--- WORK TASK ---
Hand back every line from the beginning of the data below through the line containing "Fremstår med brugsspor", word for word and free of pictures.

Segment Start: EXERCISE DATA

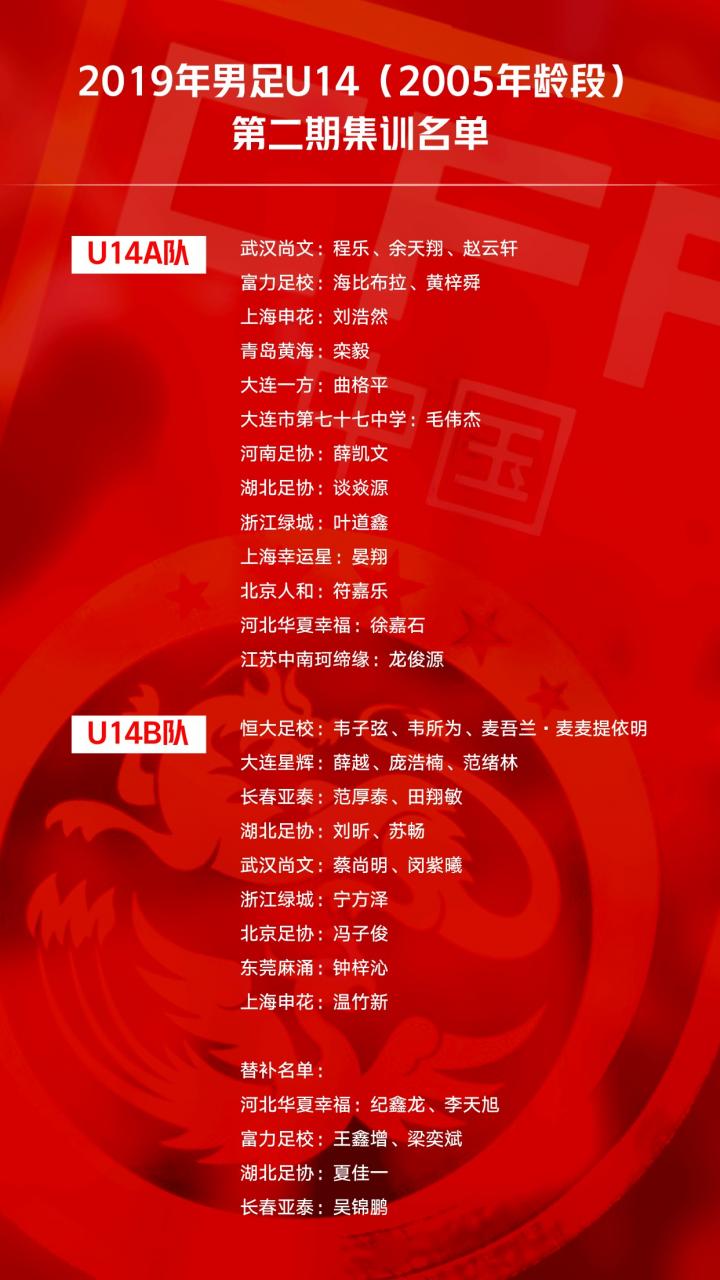 在今年2月中旬,中国足协公布了关于组织2019年男足2005年龄段U14国少A、B队第二期集训通知(2月27日-3月13日),U14A队主教练为西班牙人贝拉,技术总监为前国脚彭伟国。
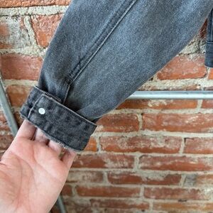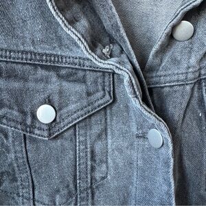Stylish dark gray denim jacket. Features button closures and front pockets. Classic collar design.
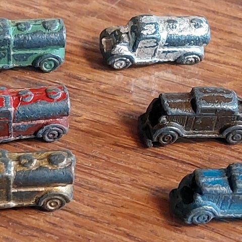 Fremstår med brugsspor og slitage på kasse og metalbrikkerne er i blandet stand med aldersrelateret forvitring.
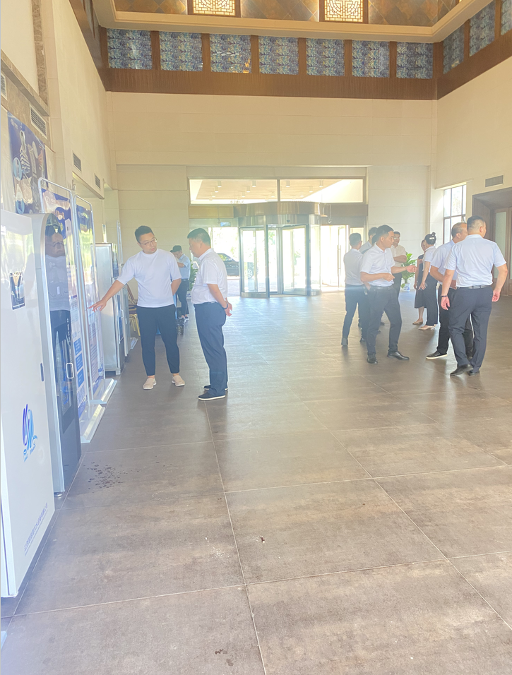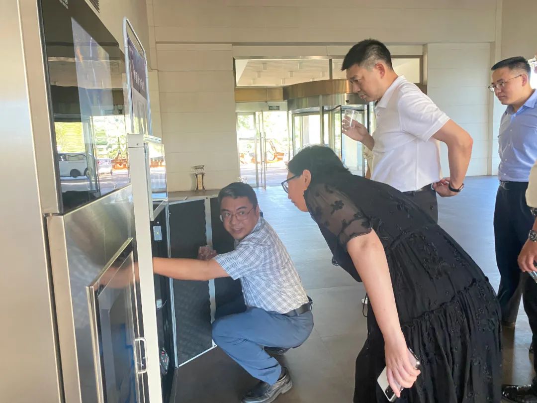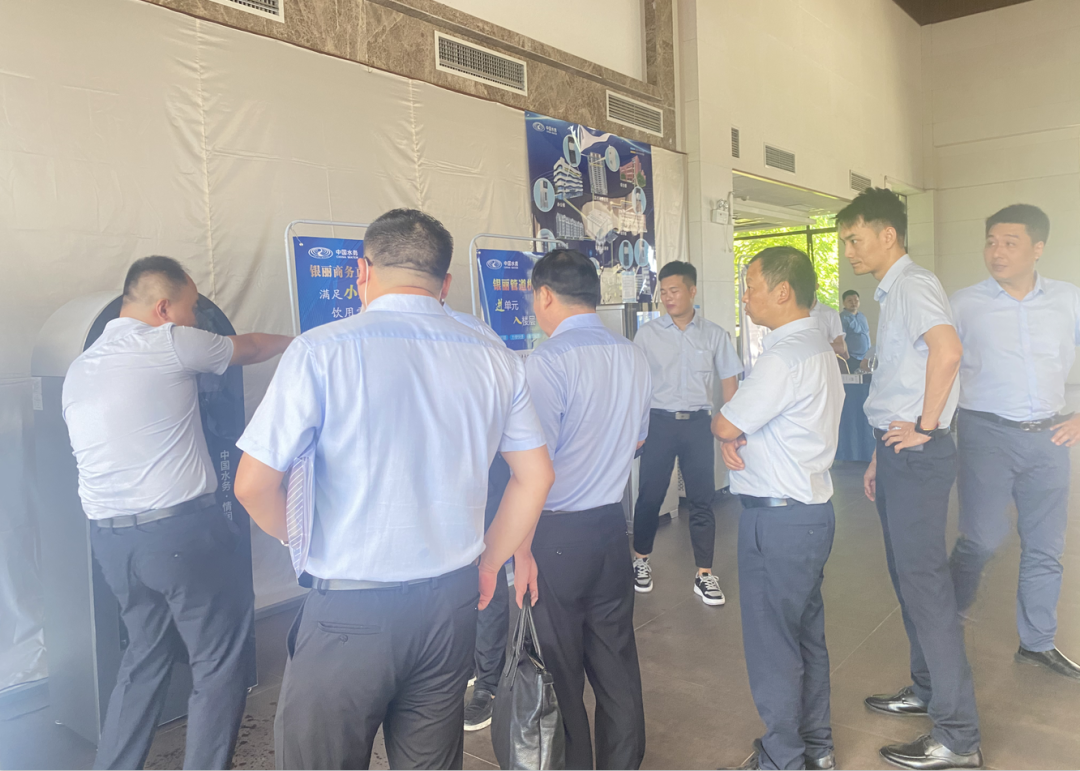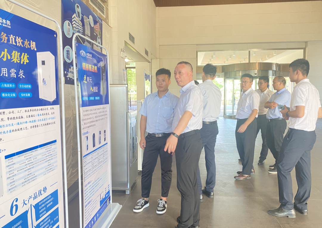本次新產品新模(mó)式在中國水務(wù)集團(tuán)2022年第一屆高級管理人員培訓班第一次實況展示,其(qí)展示形式主(zhǔ)要以商務直飲水機+管道直飲水機(jī)組合形式,同時在展示現場也邀(yāo)請集團(tuán)領導及各位高(gāo)管現場觀看取水(shuǐ)操作(zuò)與並品嚐直飲水口感,獲到集團領導(dǎo)“續杯”肯定。

Segment End: EXERCISE DATA

--- RESULT OF THE TASK ---
 在今年2月中旬,中国足协公布了关于组织2019年男足2005年龄段U14国少A、B队第二期集训通知(2月27日-3月13日),U14A队主教练为西班牙人贝拉,技术总监为前国脚彭伟国。
Stylish dark gray denim jacket. Features button closures and front pockets. Classic collar design.
 Fremstår med brugsspor og slitage på kasse og metalbrikkerne er i blandet stand med aldersrelateret forvitring.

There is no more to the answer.